We are pulled in opposite directions- a tension within. We can either surrender to Jesus or resist him over and over, suppressing the truth until our “foolish hearts become darkened.” In darkness,truth becomes obscure and we begin to call “evil good and good evil, and substitute darkness for light and light for darkness.” (Isaiah 5:20)
This tug-of-war exists within each of us and within each of our children. It’s why parents see goodness in their children, but also rebellion. We try to corral them in the “good side” with rules and lectures but these serve mostly to point to the error in their ways while doing little to transform the heart, or form lasting obedience.
Only Jesus can win the battle within.
We would be wise as parents to help our children comprehend this inner battle, training them in self evaluation and inner reflection, while consistently pointing them to Jesus who willl lead them to lasting victory.
Joey happens to be my almost six year old grandson. He can be delightfully good and fun but he can also be obnoxiously thoughtless, unexpectedly doing unkind things to others. His desire to be in control is strong but I also see his desire to please. We recently chatted about this inner battle within his heart. He had a good day at school yesterday. “Oma,” he said happily, “ a couple times today at school, I almost did something naughty but I thought about Jesus and prayed that he would help me be good and then I was good all day long.”
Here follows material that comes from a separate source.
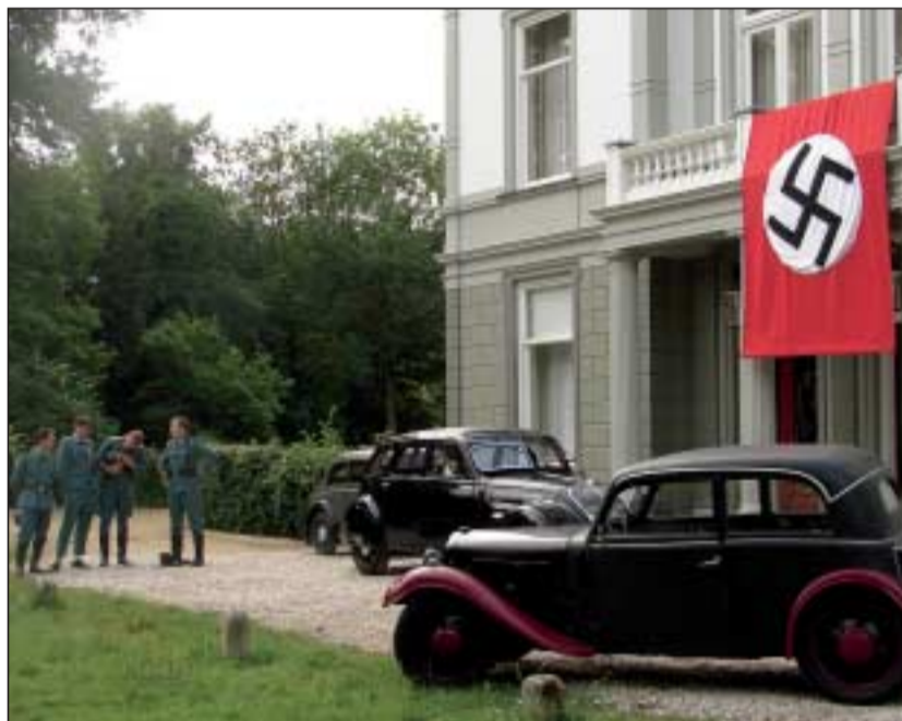
Huiveringwekkende verandering van huis Voordaan.

Dat de aanblik van een pand in oorlogstijd vragen oproept bij nieuwsgierige omstanders, was te verwachten. Maar het productieteam was wel verbaasd over de Lonsdalejongeren, die zaterdagavond op de Groenekanseweg stonden te joelen. Zondagavond werd de sfeer even grimmig: twee auto's stopten ter hoogte van Huis Voordaan en de twee inzittenden schreeuwden 'Heil Hitler' en zwaaiden met een groot mes in de richting van het filmteam. De politie werd direct gealarmeerd en verzekerde de filmmakers en spelers dat ze een oogje in het zeil zouden houden. Voor alle zekerheid werd de nazi-vlag naar binnen gehaald.

I pray for Joey every day, mostly that he comes to comprehend that the source of goodness is Jesus, who is alone can win the battle in his heart, and guide him out of war and into lasting peace and steadfast right living.
(Romans 7:14-25 NASB)
For we know that the Law is spiritual, but I am of flesh, sold into bondage to sin. For what I am doing, I do not understand; for I am not practicing what I would like to do, but I am doing the very thing I hate. But if I do the very thing I do not want to do, I agree with the Law, confessing that the Law is good. So now, no longer am I the one doing it, but sin which dwells in me. For I know that nothing good dwells in me, that is, in my flesh; for the willing is present in me, but the doing of the good is not. For the good that I want, I do not do, but I practice the very evil that I do not want. But if I am doing the very thing I do not want, I am no longer the one doing it, but sin which dwells in me. I find then the principle that evil is present in me, the one who wants to do good. For I joyfully concur with the law of God in the inner man, but I see a different law in the members of my body, waging war against the law of my mind and making me a prisoner of the law of sin which is in my members. Wretched man that I am! Who will set me free from the body of this death? Thanks be to God through Jesus Christ our Lord! So then, on the one hand I myself with my mind am serving the law of God, but on the other, with my flesh the law of sin.